Three ex-cops found guilty of violating George Floyd’s rights

Floyd's 2020 killing sparked protests across the United States and around the world [File: Julio Cortez/AP Photo]

A jury in the United States has found three former Minneapolis police officers guilty of violating George Floyd’s civil rights.

Tou Thao, J. Alexander Kueng, and Thomas Lane were charged with depriving Floyd of his right to medical care when Officer Derek Chauvin pressed his knee into the 46-year-old Black man’s neck for more than nine minutes as he was handcuffed and face down on the street on May 25, 2020.

Thao and Lane also were charged with failing to intervene to stop Chauvin.

The videotaped killing sparked protests around the globe as part of reckoning over racial injustice and police violence. Chauvin was convicted of murder last year in state court and pleaded guilty in December in the federal case.

Kueng knelt on Floyd’s back, Lane held his legs and Thao kept bystanders back.

Kueng and Lane both said they deferred to Chauvin as the senior officer at the scene. Thao testified that he relied on the other officers to care for Floyd’s medical needs as his attention was elsewhere.

Conviction of a federal civil rights violation that results in death is punishable by life in prison or even death, but such sentences are extremely rare. The former officers will remain free on bond pending sentencing.

During the monthlong trial, prosecutors sought to show that the officers violated their training, including when they failed to move Floyd or give him CPR. Prosecutors argued that Floyd’s condition was so serious that even bystanders without basic medical training could see he needed help.

The defence said the officers’ training was inadequate and that they had deferred to Chauvin as the senior officer at the scene.

Prosecutors told jurors during closing arguments that the three officers “chose to do nothing” as Chauvin squeezed the life out of Floyd. Defence attorneys countered that the officers were too inexperienced, were not trained properly and did not willfully violate Floyd’s rights.

A handful of protesters stood outside the court on Thursday morning holding large signs, including one mocking the officers that said, “If I only had a brain, a heart, the nerve.” It was decorated with pictures of the Scarecrow, Tin Man and Cowardly Lion from The Wizard of Oz.

Chauvin and Thao went to the scene to help rookies Kueng and Lane after they responded to a call that Floyd used a counterfeit $20 bill at a corner store.

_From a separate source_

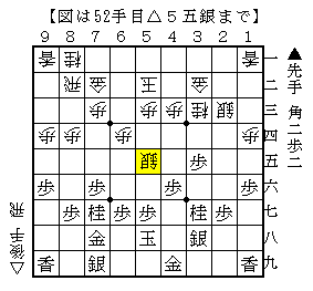本譜は▲4六歩△5四銀▲2七歩△3五角▲同歩△5五銀で、ソフトの評価値-244で互角。

Floyd struggled with officers as they tried to put him in a police SUV.

The jurors were allowed to watch videos from the scene and view other evidence as much as they wanted during deliberations.

Lane, Kueng and Thao also face a separate trial in June on state charges alleging that they aided and abetted murder and manslaughter.

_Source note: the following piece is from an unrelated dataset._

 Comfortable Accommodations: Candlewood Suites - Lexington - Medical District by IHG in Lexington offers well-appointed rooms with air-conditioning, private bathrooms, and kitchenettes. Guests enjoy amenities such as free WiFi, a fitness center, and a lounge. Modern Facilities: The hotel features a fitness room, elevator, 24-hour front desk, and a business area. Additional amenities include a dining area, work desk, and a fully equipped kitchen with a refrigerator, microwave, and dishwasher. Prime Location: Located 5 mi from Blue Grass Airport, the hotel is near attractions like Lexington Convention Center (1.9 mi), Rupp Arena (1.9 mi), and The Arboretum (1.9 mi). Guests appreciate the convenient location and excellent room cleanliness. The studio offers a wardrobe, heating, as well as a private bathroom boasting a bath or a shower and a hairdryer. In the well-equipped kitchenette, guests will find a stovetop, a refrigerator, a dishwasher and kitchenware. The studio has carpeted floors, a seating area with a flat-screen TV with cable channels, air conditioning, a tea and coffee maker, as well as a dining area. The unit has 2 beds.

Lawyers for Floyd’s family welcomed the convictions, calling the outcome of the trial “another important chapter” in the quest to ensure justice for the 2020 murder.

“Nothing will bring George Floyd back to his loved ones, but with these verdicts, we hope that the ignorance and indifference toward human life shown by these officers will be erased from our nation’s police departments, so no other family has to experience a loss like this,” the lawyers said in a statement.